Well today seems as good of day as any. I have been chewing since I have been 15 years old and I am not too far past 23. I have been a pretty consistent user and have gone from the causal chewer to the in denial addict to the guy who has claimed to have quit umpteen million times and always ends up back at square one- being comfortable with the fact that I chew and aignt nothing anybody can do to change that.
Came across this site with a fat lipper in at the office yesterday and after having been on the fence of mustering up the courage to try and go one more round with walking away from it for good, I figured why the hell not!
I have been off the chaw for just about a 20 hours now and I would be lying if I said it wasn't tempting me already. I have made a few weeks and months on occasion but its never a walk in the park. Reading the stories and some of the posts on here is as good as a motivator as any that it can be done and it is all up to me to do it.

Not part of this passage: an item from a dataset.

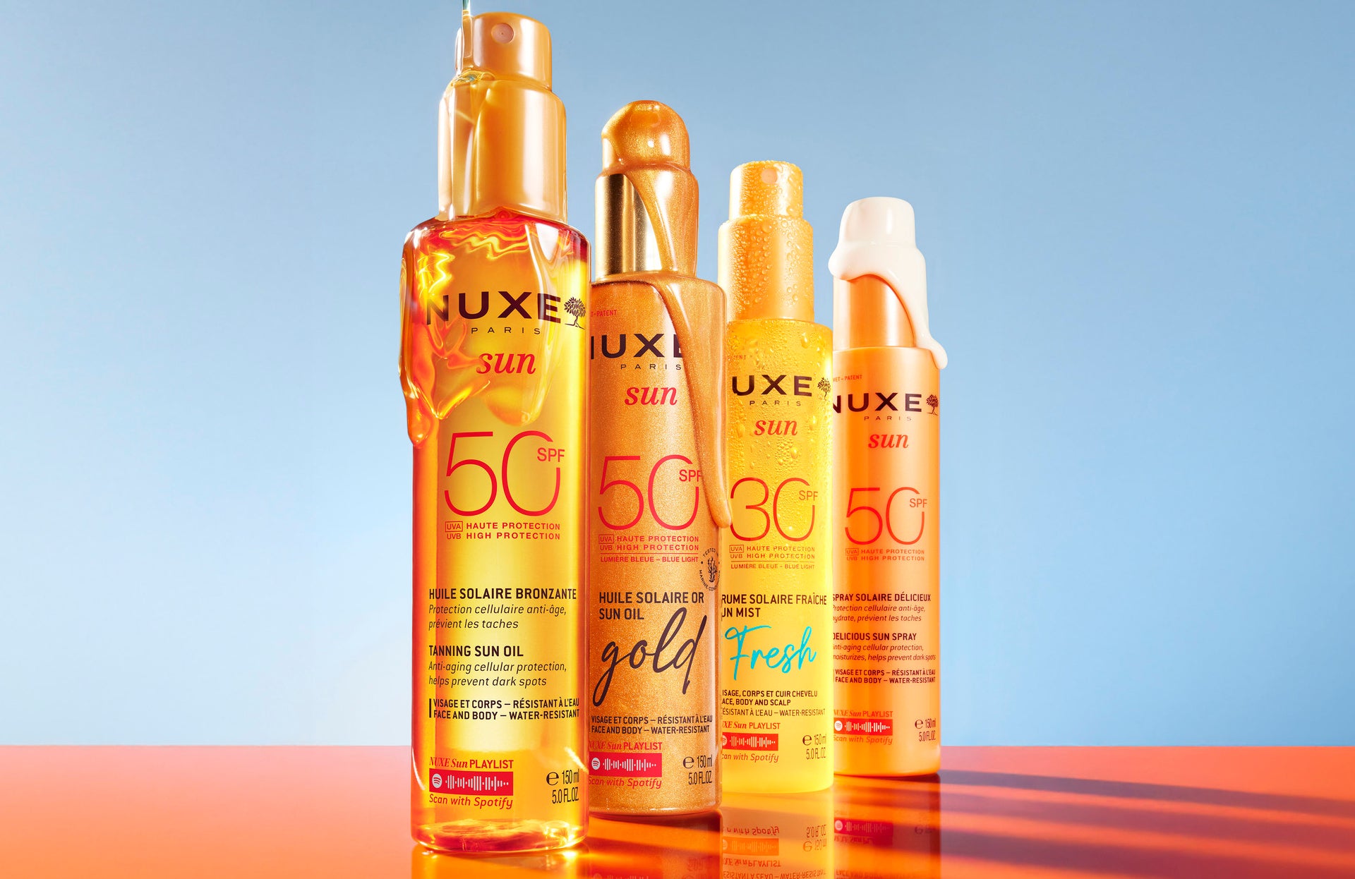 ⁽¹⁾ Protezioni solari NUXE Sun eccetto: Olio solare abbronzante bassa protezione SPF10, Olio solare abbronzante alta protezione SPF30, Spray solare delizioso alta protezione SPF30, Latte solare fondente alta protezione SPF30, Crema solare fondente alta protezione SPF30, Olio solare abbronzante alta protezione SPF50, Spray solare delizioso alta protezione SPF50, Fluido leggero solare alta protezione SPF50, Olio latte per capelli protettivo idratante.

I have a beautiful girlfriend I am moving in with and would like clear the first week of pure anxiety and instability while we aren't under the same roof.
This has been a long time coming and have not been comfortable with myself buying tin after tin and telling myself and everyone "This is my last one" and setting a quit date to get to it and say "I still have half a tin, I will start when it is gone". No more denial and no more backing down from the challenge. This is a victory that is worth fighting for and this is a victory I need to prove to myself I can overcome this obstacle.